Shelagh Fogarty (born 13 January 1966) is a radio and television presenter and journalist. She currently presents the afternoon programme on LBC, having previously co-hosted the BBC Radio 5 Live breakfast show with Nicky Campbell.

Early life

Fogarty was born in Anfield, Liverpool. Her Irish parents moved to England in the late 1950s. One of six children, She went to the Mary Help of Christians R.C. High School, a girls' Catholic grammar school run by the Salesian Sisters of Don Bosco, on Stonebridge Lane in Croxteth. She studied French and Spanish at Durham University, spending a year in Barcelona and graduating in 1988.

Career
Learning her trade, she worked as a BBC trainee at Radio Humberside, Radio Guernsey, Radio Bristol, Radio Sheffield and Radio Merseyside. She co-hosted the Radio Merseyside breakfast show in the early 1990s with Roger Summerskill for around three years, entitled Morning Merseyside. In 1998, she moved to Merseyside Tonight on Radio Merseyside.

Fogarty joined Radio 4 in 1994, and went freelance in 1999.

Five Live
She then moved on to Radio 5 Live where she co-presented Weekend Breakfast before moving to co-host the Breakfast programme with Nicky Campbell.

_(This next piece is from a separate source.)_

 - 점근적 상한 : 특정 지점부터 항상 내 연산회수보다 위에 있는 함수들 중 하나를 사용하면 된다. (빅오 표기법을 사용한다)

In April 2011, Fogarty took over from Gabby Logan on the lunchtime show. The show covered news, sport and interviews. Each day there was a special feature. On Mondays the feature was the sports team. Health was covered on Tuesdays. The programme was broadcast from Westminster on Wednesdays when Fogarty was joined by political correspondent John Pienaar, a guest journalist and three members of Parliament to cover Prime Minister's Questions. Thursday's consumer desk included Martin Lewis. Five Life on Fridays looked at work and lifestyle.

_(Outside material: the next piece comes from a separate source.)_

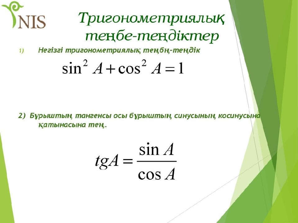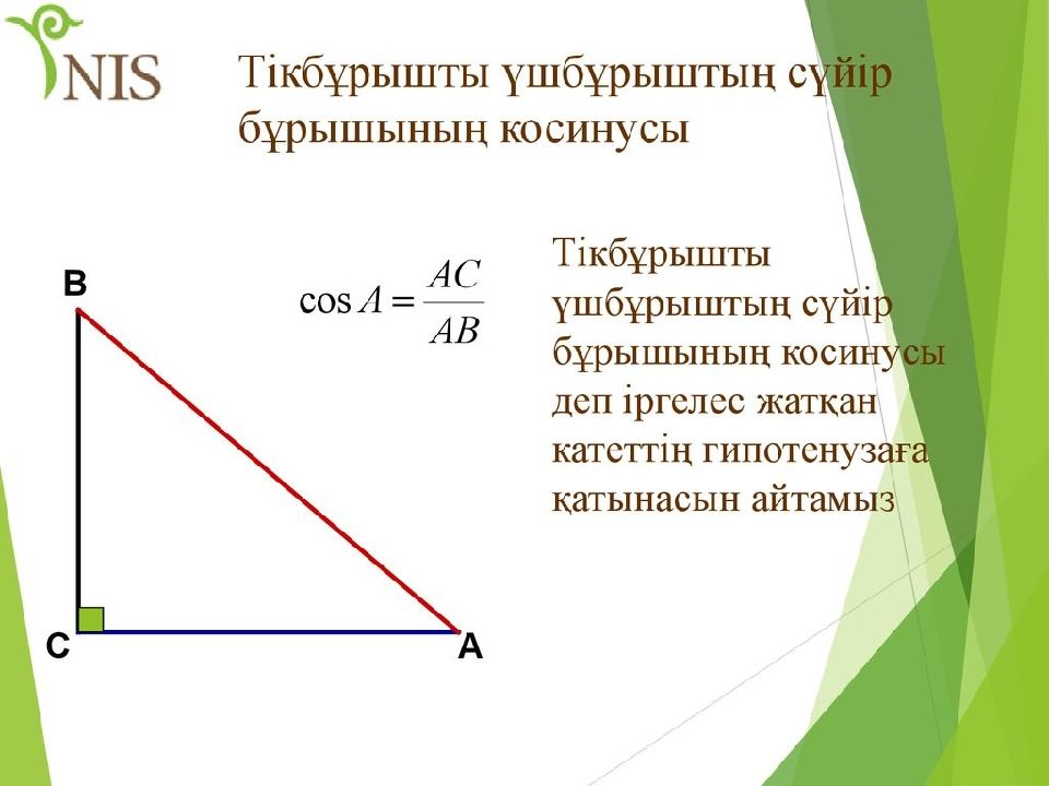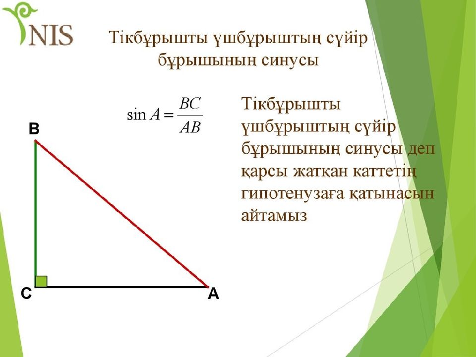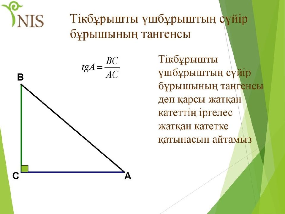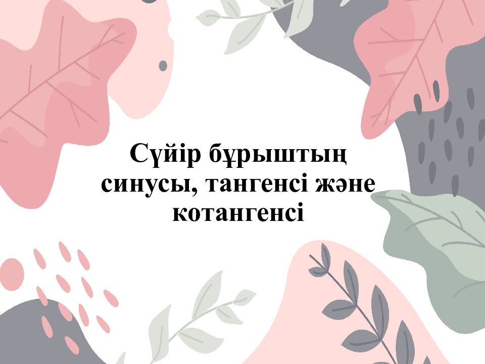 Первый слайд презентации: Сүйір бұрыштың синусы, тангенсі және котангенсі

In January 2008, she had a gun pointed at her and her film crew while filming a report for ITV's Tonight with Trevor McDonald, in Croxteth where she was brought up. She had been asked to return to the area to see how safe she felt walking around after dark.

In January 2010, Fogarty joined the presenting team of The Daily Politics, co-hosting the show on Thursdays with Andrew Neil.

In March 2010, she swam a mile in The Serpentine in Hyde Park for Sport Relief 2010.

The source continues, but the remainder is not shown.